Tuesday, August 26, 2008

Play it Again, Bud

Well, this was hardly surprising given Bud Selig's m.o. (ignore a problem until it's a crisis and then overreact accordingly), and now it's official:

Three series are scheduled to start Thursday, with Philadelphia at the Chicago Cubs, Minnesota at Oakland and Texas at the Los Angeles Angels. For other games, replays will be available to umpires starting Friday.

For now, video will be used only on so-called "boundary calls," such as determining whether fly balls went over the fence, whether potential home runs were fair or foul and whether there was fan interference on potential home runs.

Fair enough; I'm all for anything to help get the calls correct. But Bud Selig is concerned about a slippery slope:

Selig, who opposed replay in the past, said he won't allow its use to expand to additional types of calls.

"My opposition to unlimited instant replay is still very much in play," Selig said. "I really think that the game has prospered for well over a century now doing things the way we did it."

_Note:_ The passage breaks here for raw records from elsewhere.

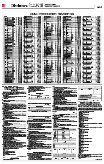 江苏高科石化股份有限公司首次公开发行股票发行公告
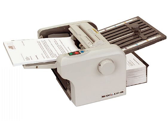 Ideal Folding machine IDEAL 8304. Stromverbrauch (typisch): 70 W. Abmessungen (BxTxH): 820 x 380 x 255 mm, Gewicht: 11,5 kg. Energiebedarf: 220 – 240 V, 50 HZ
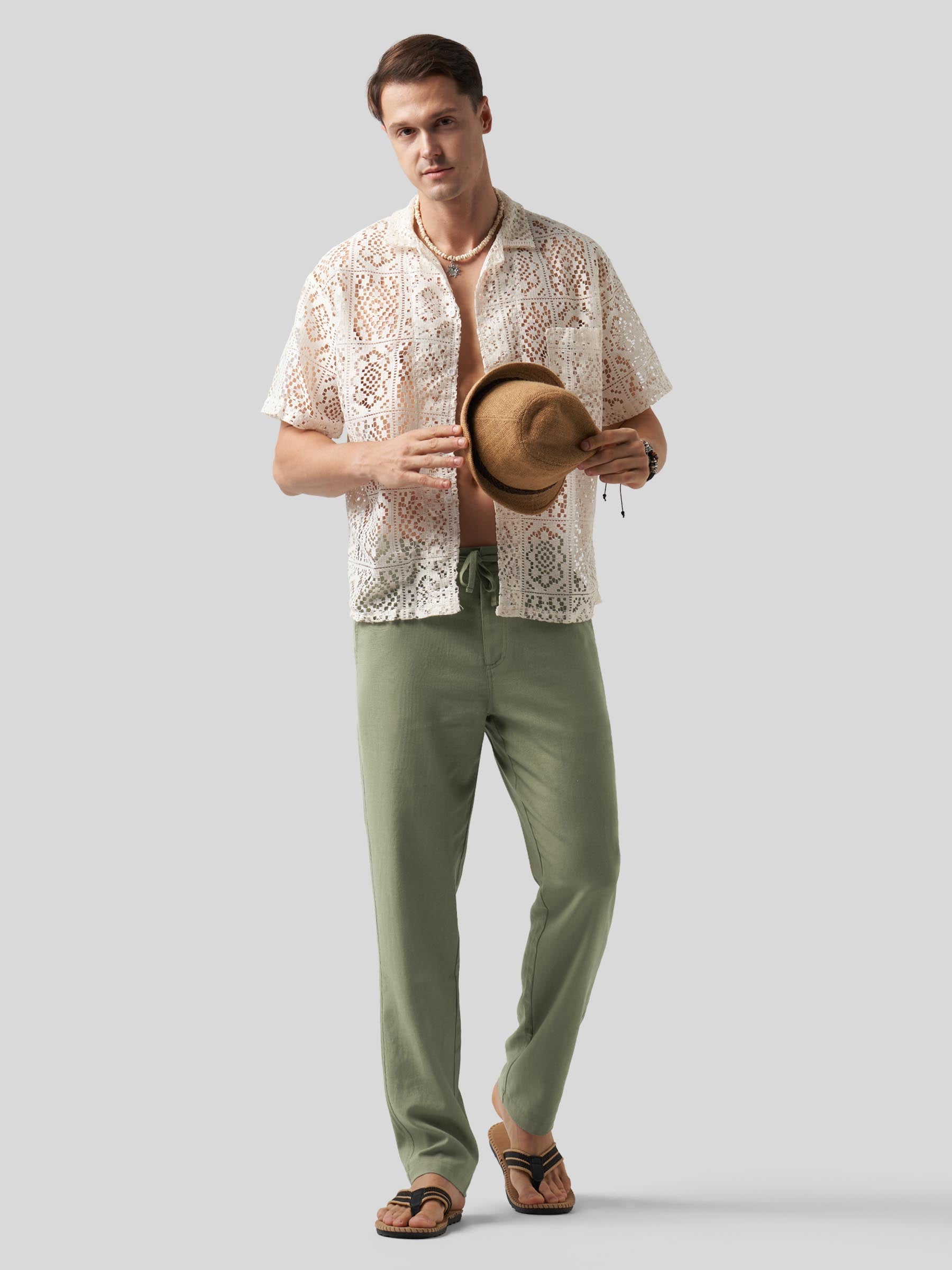 - Drawstring Waistband: Elevate both comfort and style with these men's linen pants. The convenient drawstring waistband keeps your pants securely in place while allowing you to tailor the fit for ultimate ease
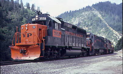In 1981 we managed to get one all WP powered train with the WP U-30-B 3068 leading its train into Portola.

All well and good, Bud...except that's just not true. The game today is rather changed from its early days. We have free agency, the DH, the Wild Card, interleague play, curve balls, and so on. Even if that weren't the case, resisting change for the sake of change is ignorant. If more instant replay can make the game better, then why not? If you resist change without consideration because of some bizarre slavery to "tradition," then all that makes you is a Luddite.